- Interactive map of Laozhou Township
- Coordinates: 30°58′18″N 117°44′58″E﻿ / ﻿30.97167°N 117.74944°E
- Country: People's Republic of China
- Province: Anhui
- Prefecture-level city: Tongling
- District: Yi'an

Area
- • Total: 42 km^{2} (16 sq mi)

Population (2017)
- • Total: 8,146
- • Density: 190/km^{2} (500/sq mi)
- Time zone: UTC+08:00 (China Standard)
- Postal code: 244106
- Area code: 0562

Chinese name
- Traditional Chinese: 老洲鄉
- Simplified Chinese: 老洲乡

Standard Mandarin
- Hanyu Pinyin: Lǎozhōu Xiāng

= Laozhou Township =

Laozhou Township (老洲乡) is a township in Yi'an District of Tongling, Anhui, China.
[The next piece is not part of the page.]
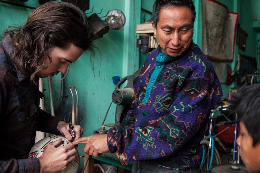 Carlos Enrique Marroquin, Maya Pedal’s director, oversees repairs to a football.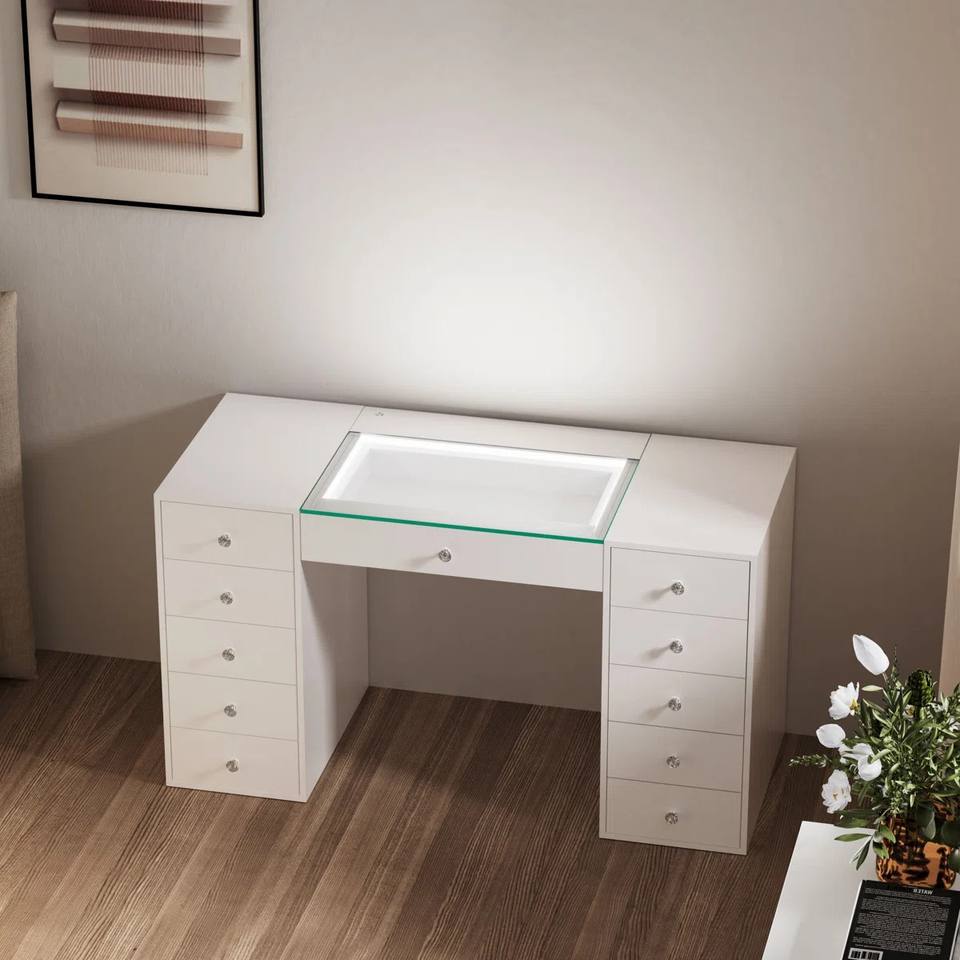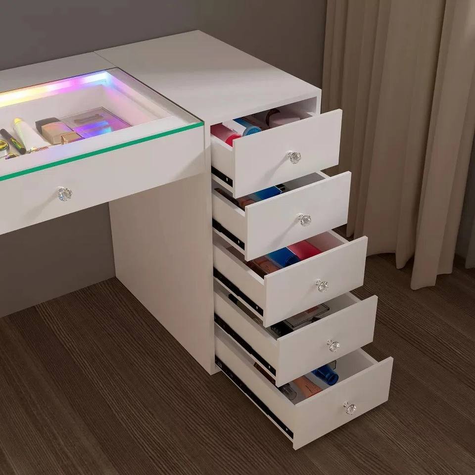 Coiffeuse avec prise de courant et miroir éclairé, bureau de coiffeuse avec 11 tiroirs, plateau en verre, lumières d'ambiance RVB réglables pour la chambre à coucher

As of the 2017 census it had a population of 8,146 and an area of 42 km2. The township is bordered to the east by Wusong Town and to the west by Wuwei County and Zongyang County.

==History==
Due to floods, all residents in the township and Xuba Township of Tongling along the Yangtze River were ordered to evacuate on July 11, 2020.

==Administrative division==
As of 2017, the township is divided into five villages:
- Zhongxin (中心村)
- Guanghui (光辉村)
- Heping (和平村)
- Minzhu (民主村)
- Chengde (成德村)

==Economy==
The township is rich in rape and vegetables.